Causes the action to not decrypt files matching the masks specified. Filenames or wildcard masks may be used. Multiple entries may be specified by separating them with a pipe symbol (|), for example, *.txt|*.bak.

 

Regular Expression

Yes/No, Optional default - NO
MARKUP: RE="YES"

If set to YES, specifies that a regular expression is used in the Exclude Mask field.

 

Only if Newer Than

Date, Optional default - (none)
MARKUP: ISNEWERTHAN="%DateSerial(2007,10,12) + TimeSerial(00,00,00)%"

 

Causes the action to only decrypt files if the source is newer than the date/time specified. If this parameter is left blank or not included, the date of the files will be ignored.

 

Only if Older Than

date, Optional default - (none)
MARKUP: ISOLDERTHAN="%DateSerial(2007,10,12) + TimeSerial(00,00,00)%"

Causes the action to only decrypt files if the source is older than the date/time specified. If this parameter is left blank or not included, the date of the files will be ignored.

 

Attributes Tab

Attributes

Text, Optional (blank)
MARKUP:
ATTRFILTER="+R+A-S-H" (decrypt read-only and archive files, not System or Hidden)
ATTRFILTER="-S" (do not decrypt "System" files)

This group of settings causes the action to filter which files are decrypted based on the attribute settings of the source files.

In visual mode, a group of controls are provided to assist in the selection of this parameter. In markup mode, a single text item must be specified that contains the attributes of the files you wish to decrypt.

Available Options:

 

Key Options Tab

Public Keyring File

Text, Required
MARKUP: PUBKEYRINGPATH="c:\destinationfoldername\file.pkr"

Specifies the path and filename of the PGP, OpenPGP or GnuPG Public Keyring file. Entering a valid Public Keyring file along with a matching Secret Keyring file will populate the PGP tab with the appropriate signature information. This parameter is active only if the Type parameter located in the General tab is set to PGP Public/Private key or OpenPGP Public/Private Key.

NOTE: AWE comes equipped with the OpenPGP engine which is installed on the system during AWE installation.    

 

Secret Keyring File

Text, Required
MARKUP: SECKEYRINGPATH="c:\destinationfoldername\file.skr"

Specifies the path and filename of the PGP, OpenPGP or GnuPG secret keyring file. Entering a valid Public Keyring file along with a matching Secret Keyring file will populate the PGP tab with the appropriate signature information. This parameter is active only if the Type parameter located in the General tab is set to OpenPGP Public/Private Key.

NOTE: AWE comes equipped with the OpenPGP engine which is installed on the system during AWE installation.    

 

Decrypt using

Text, Required
MARKUP: CRYPTUSING="KEYCONTAINER"

Specifies the procedure to be used to authenticate and decrypt the specified file(s). Parameters vary depending on the option selected.

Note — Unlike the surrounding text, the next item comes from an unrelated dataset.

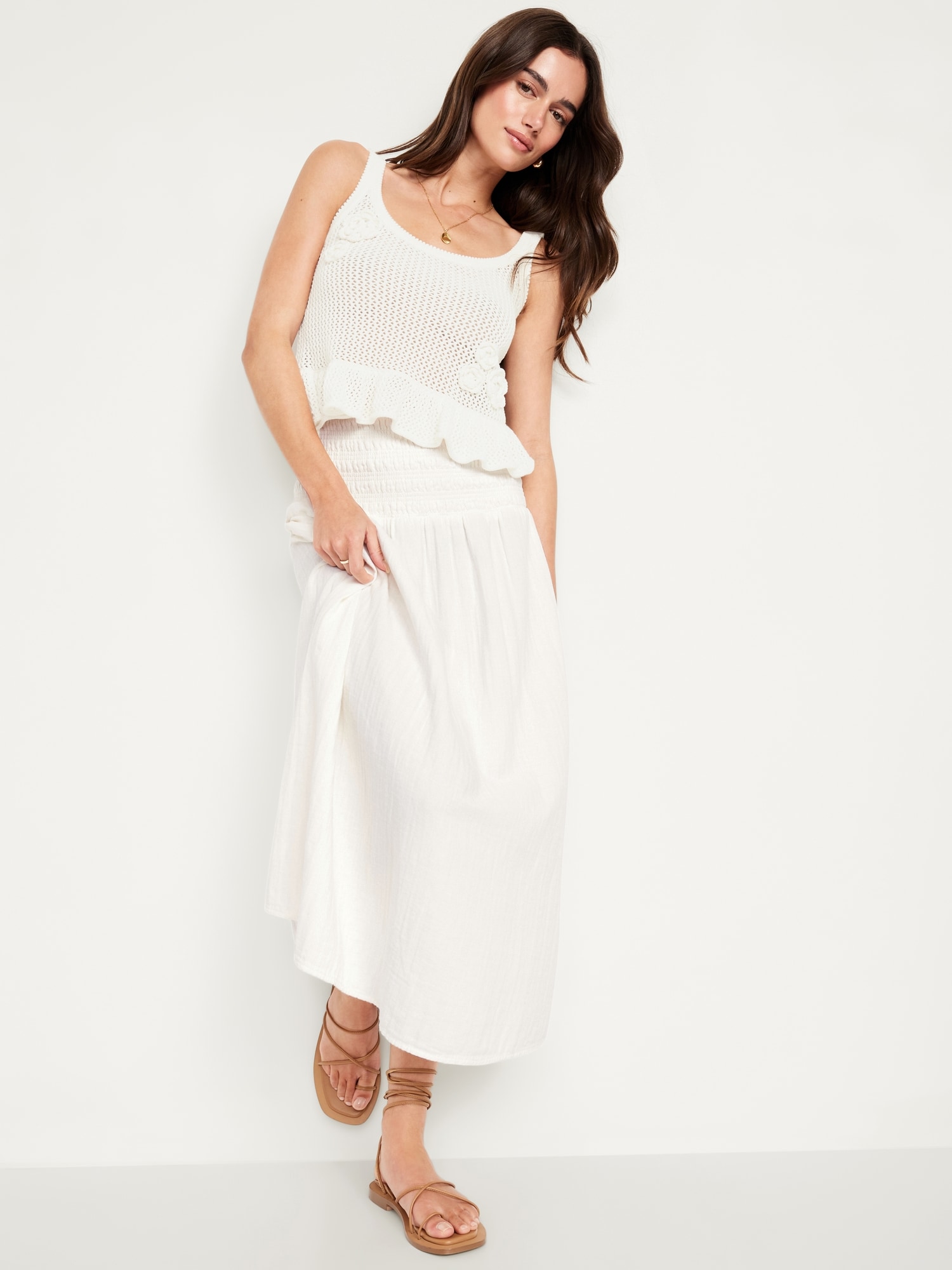 High-Waisted Crinkle Gauze Smocked Maxi Skirt

The available options are:

 

Key container name

Text, Required
MARKUP: KEYCONTAINERNAME="Microsoft Enhanced Cryptographic Provider v1.0"

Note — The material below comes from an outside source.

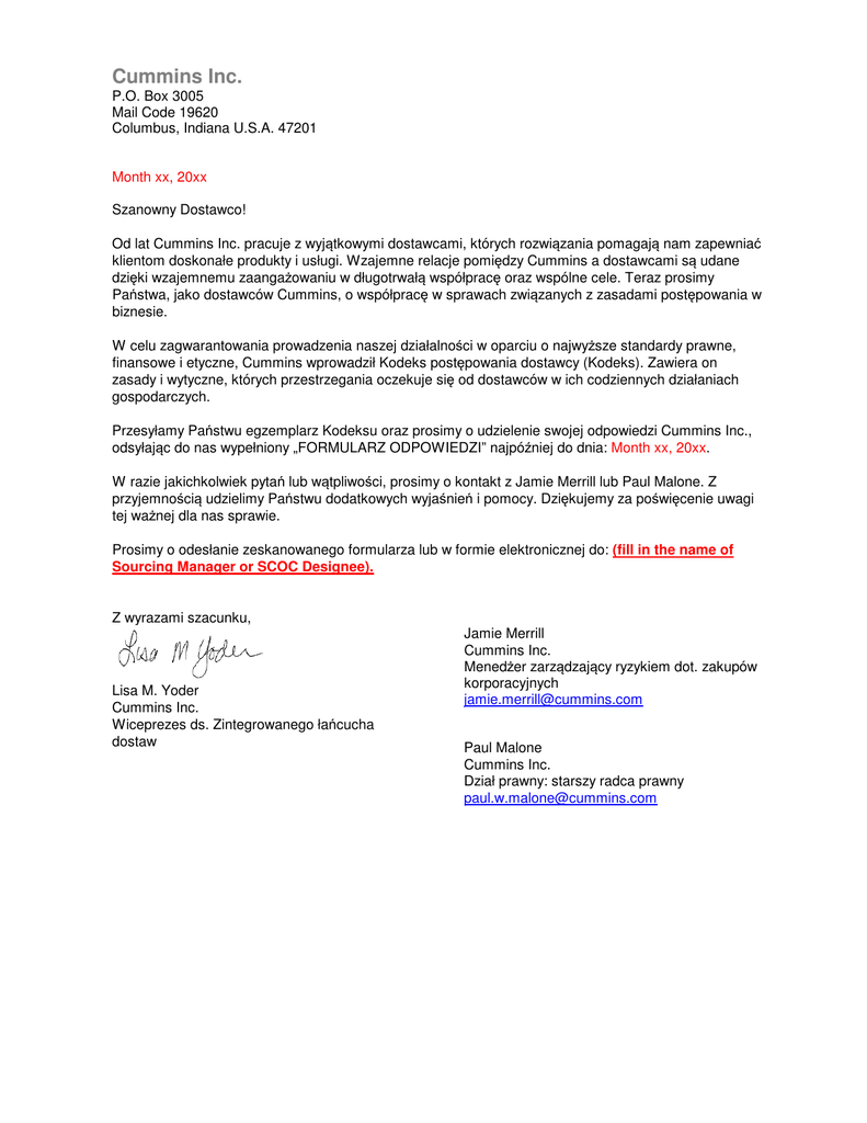 Cummins Inc. P.O. Box 3005 Mail Code 19620 Columbus, Indiana U.S.A. 47201 Month xx, 20xx Szanowny Dostawco! Od lat Cummins Inc. pracuje z wyjątkowymi dostawcami, których rozwiązania pomagają nam zapewniać klientom doskonałe produkty i usługi. Wzajemne relacje pomiędzy Cummins a dostawcami są udane dzięki wzajemnemu zaangażowaniu w długotrwałą współpracę oraz wspólne cele. Teraz prosimy Państwa, jako dostawców Cummins, o współpracę w sprawach związanych z zasadami postępowania w biznesie. W celu zagwarantowania prowadzenia naszej działalności w oparciu o najwyższe standardy prawne, finansowe i etyczne, Cummins wprowadził Kodeks postępowania dostawcy (Kodeks). Zawiera on zasady i wytyczne, których przestrzegania oczekuje się od dostawców w ich codziennych działaniach gospodarczych. Przesyłamy Państwu egzemplarz Kodeksu oraz prosimy o udzielenie swojej odpowiedzi Cummins Inc., odsyłając do nas wypełniony „FORMULARZ ODPOWIEDZI” najpóźniej do dnia: Month xx, 20xx. W razie jakichkolwiek pytań lub wątpliwości, prosimy o kontakt z Jamie Merrill lub Paul Malone. Z przyjemnością udzielimy Państwu dodatkowych wyjaśnień i pomocy. Dziękujemy za poświęcenie uwagi tej ważnej dla nas sprawie. Prosimy o odesłanie zeskanowanego formularza lub w formie elektronicznej do: (fill in the name of Sourcing Manager or SCOC Designee). Z wyrazami szacunku, Lisa M. Yoder Cummins Inc. Wiceprezes ds. Zintegrowanego łańcucha dostaw Jamie Merrill Cummins Inc. Menedżer zarządzający ryzykiem dot. zakupów korporacyjnych [email protected] Paul Malone Cummins Inc. Dział prawny: starszy radca prawny [email protected] FORMULARZ ODPOWIEDZI DOSTAWCY ZASADY DOTYCZĄCE KODEKSU POSTĘPOWANIA DOSTAWCY CUMMINS INC. (Prosimy o wydrukowanie jednego egzemplarza niniejszego formularza w celu jego podpisania i wysłania). Nazwa dostawcy: : W każdym kraju, w którym prowadzimy działalność, działamy zgodnie z prawem, a także zgodnie z wszystkimi innymi przepisami i regulacjami, w tym dotyczącymi prawa pracy, bezpieczeństwa i higieny pracy pracowników oraz ochrony środowiska. Ponadto przestrzegamy zasady Kodeksu postępowania dostawcy Cummins Inc. oraz jesteśmy zaangażowani w ich dalsze przestrzeganie. Prawidłowość naszego działania jest zapewniona na mocy naszego własnego Kodeksu postępowania, który zawiera normy dotyczące prawa pracy, bezpieczeństwa i higieny pracy pracowników i ochrony środowiska, które są zgodne z zasadami zawartymi w Kodeksie postępowania dostawcy Cummins Inc. (Prosimy o przesłanie jednego egzemplarza wraz z niniejszym Formularzem odpowiedzi). Nie stosujemy się do następujących oczekiwań zawartych w Kodeksie postępowania dostawcy Cummins Inc.: (Proszę przedstawić listę kwestii i wskazać swoje plany ich rozwiązania). 1) 2) 3) Nie działamy zgodnie z oczekiwaniami zawartymi w Kodeksie postępowania dostawcy Cummins Inc. i nie planujemy takiego działania. Przedstawiciel dostawcy: Imię i nazwisko drukiem: : Przedstawiciel dostawcy: Podpis: : Przedstawiciel dostawcy: Stanowisko: : Data: : Prosimy o odesłanie odpowiedzi w formie elektronicznej do: (email address of Sourcing Manager or SCOC Designee). lub pocztą na adres: (Name and Address of Sourcing Manager or SCOC Designee).

Specifies the name of the key container to be used. Clicking the Select Key Container button will open a Key Container browser allowing selection from a list of cryptographic provider names. This parameter is active only if the Decrypt using parameter is set to Key Container.

 

Key container level

Text, Required
MARKUP: KEYCONTAINERLEVEL="USER"

Specifies whether to use a machine-level or user-level RSA key container. Microsoft Windows makes machine-level key containers available to all users, whereas a user-level key container is available only to the user that created (or imported) the key container. This parameter is active only if the Decrypt using parameter is set to Key Container. More details regarding Machine-Level and User-Level RSA Key Containers can be found below under the Notes section.

 

Public Key File

Text, Required
MARKUP: PUBKEYFILE="C:\Temp\filename.txt"

Specifies the path and filename of a public key file to be used to encrypt the selected file(s). Click the Folder icon to navigate to the appropriate public key file or simply enter the full path and filename of the private key file in the provided text-box. This parameter is active only if the Decrypt using parameter is set to Key File.

 

PGP Tab

The parameters contained in the PGP tab relate to the recipient's OpenPGP key ID (normally an email address or name) and the password that associates with that ID. These parameters are available only when OpenPGP Public/Private Key is selected under the Type parameter located in the General tab.

NOTE: The parameters of the PGP tab has no relation to PGP Encrypt/Decrypt type, only OpenPGP.

Email or Name

Text, Required
MARKUP: KEYID=John@networkautomation.com

 

Specifies the OpenPGP key ID (normally an email address or name) used to decrypt the file(s). If more than one Email/Name is entered (along with the associated password), during runtime, this action will read through the list and select the appropriate one.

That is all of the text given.